# Blizzard Colbie



## MistyDay (Oct 31, 2014)

Hi everyone, as some of you know, a terrible blizzard is heading to New England, touching down late tonight. I hope everyone stays safe and warm during this storm. I just set up my emergency hedgie house in case we lose power, and was thinking of my fellow hedgie parents. I hope you're hedgies stay safe and warm as well. Good luck to everyone in New England! Stay safe!


----------



## Lilysmommy (Jan 7, 2009)

I was thinking about hedgie owners in that area earlier as well! I was talking about the storm with my dad & I mentioned that I was surprised no one from the NE had posted on the forum yet about emergency heating, etc.
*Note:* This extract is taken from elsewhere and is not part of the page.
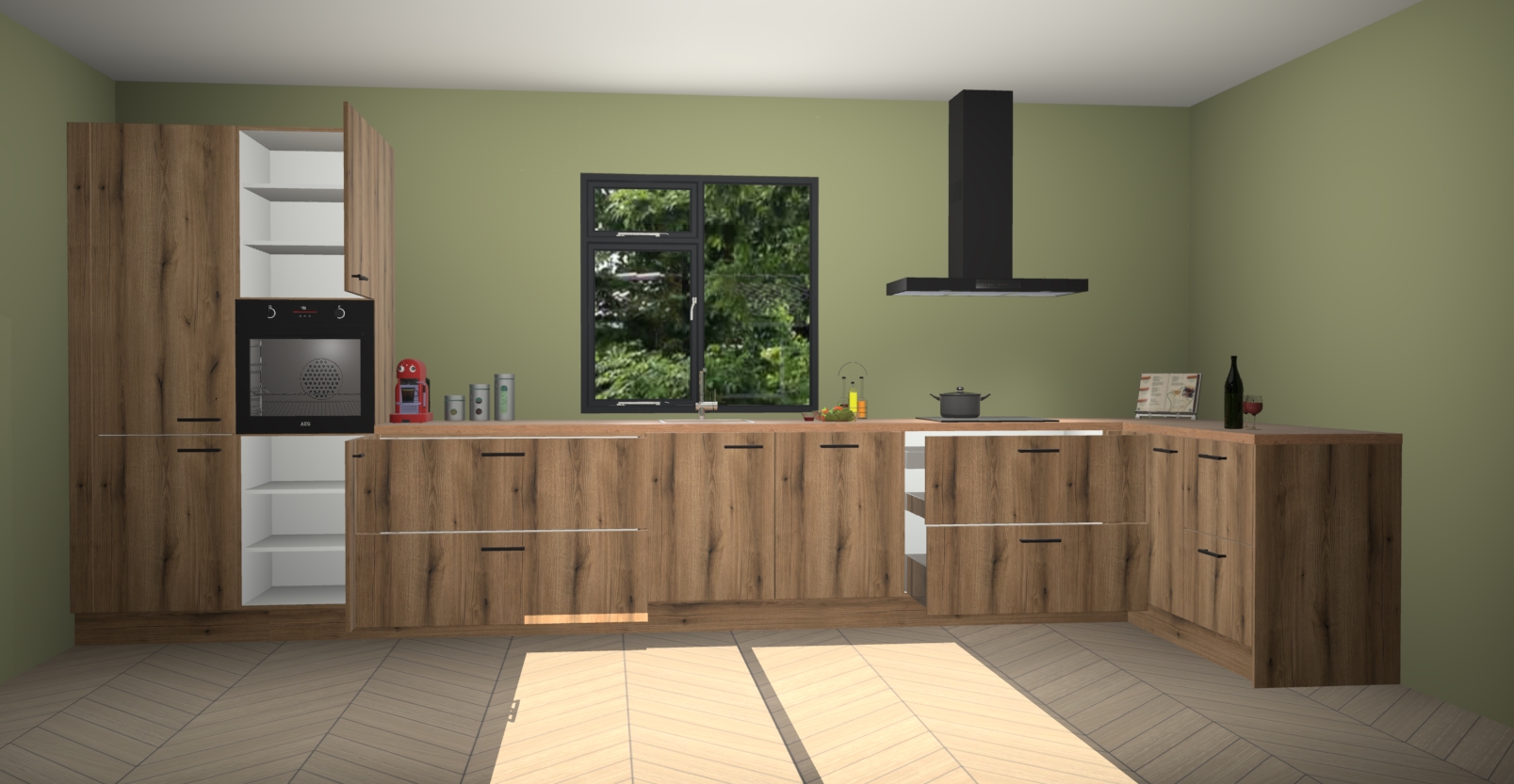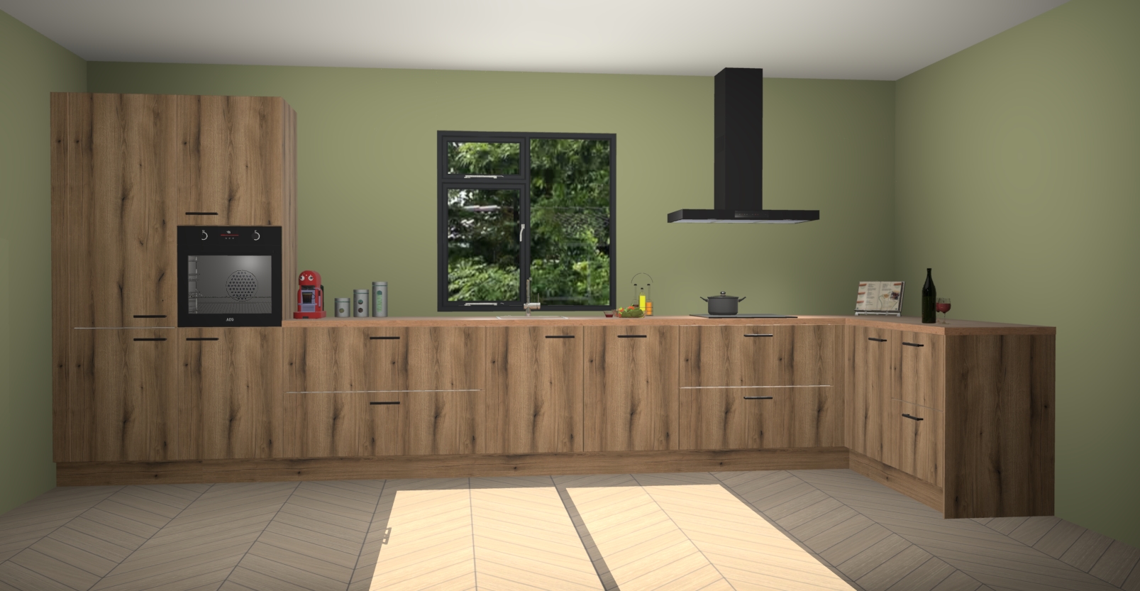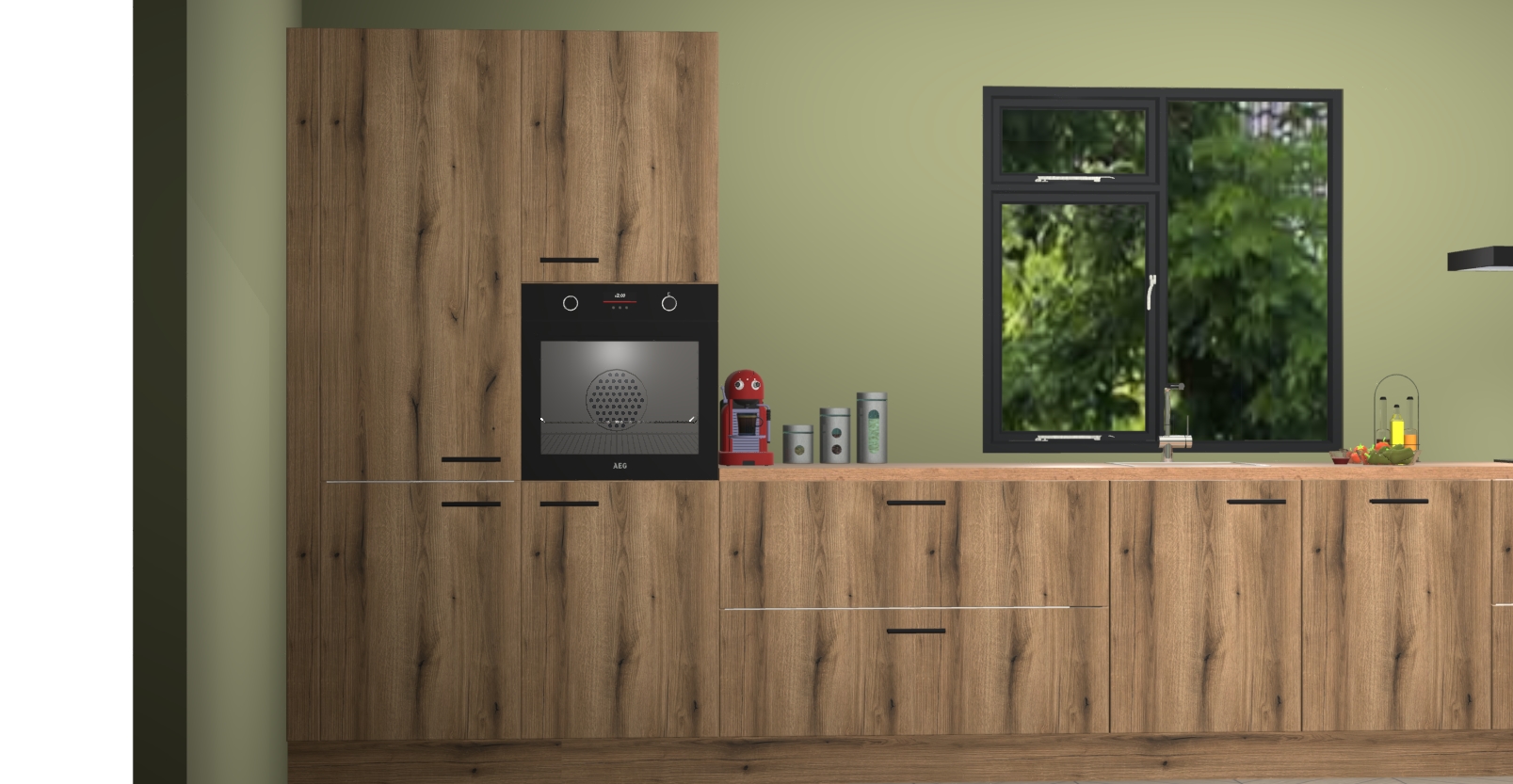 De Goud eiken keuken Lille wordt geleverd met vijf inbouwapparaten - een oven, inductiekookplaat, afzuigkap, vaatwasser en koelkast. Maar dat is nog niet alles! Na bestelling kunnen deze apparaten eenvoudig worden geüpgraded naar premium AEG-apparatuur. Bovendien is er zelfs de optie om de oven te vervangen door een combimagnetron of uw inductiekookplaat te vervangen door een kookplaat met geïntegreerde afzuiging.

I hope everyone stays safe and hedgies stay warm!! Let us know how you guys are doing out there. I'll be sending everyone good thoughts tonight.


----------



## Aprinceton (Oct 27, 2014)

So much snow!! Thankfully we have a gas stove and if the power goes out I just put my hedgie's cage in front of the fire to keep her nice and warm


----------



## MistyDay (Oct 31, 2014)

The storm is over. Lucky the power stayed on and my hedgie baby stayed nice and warm. C: I hope everyone else made it ok!


----------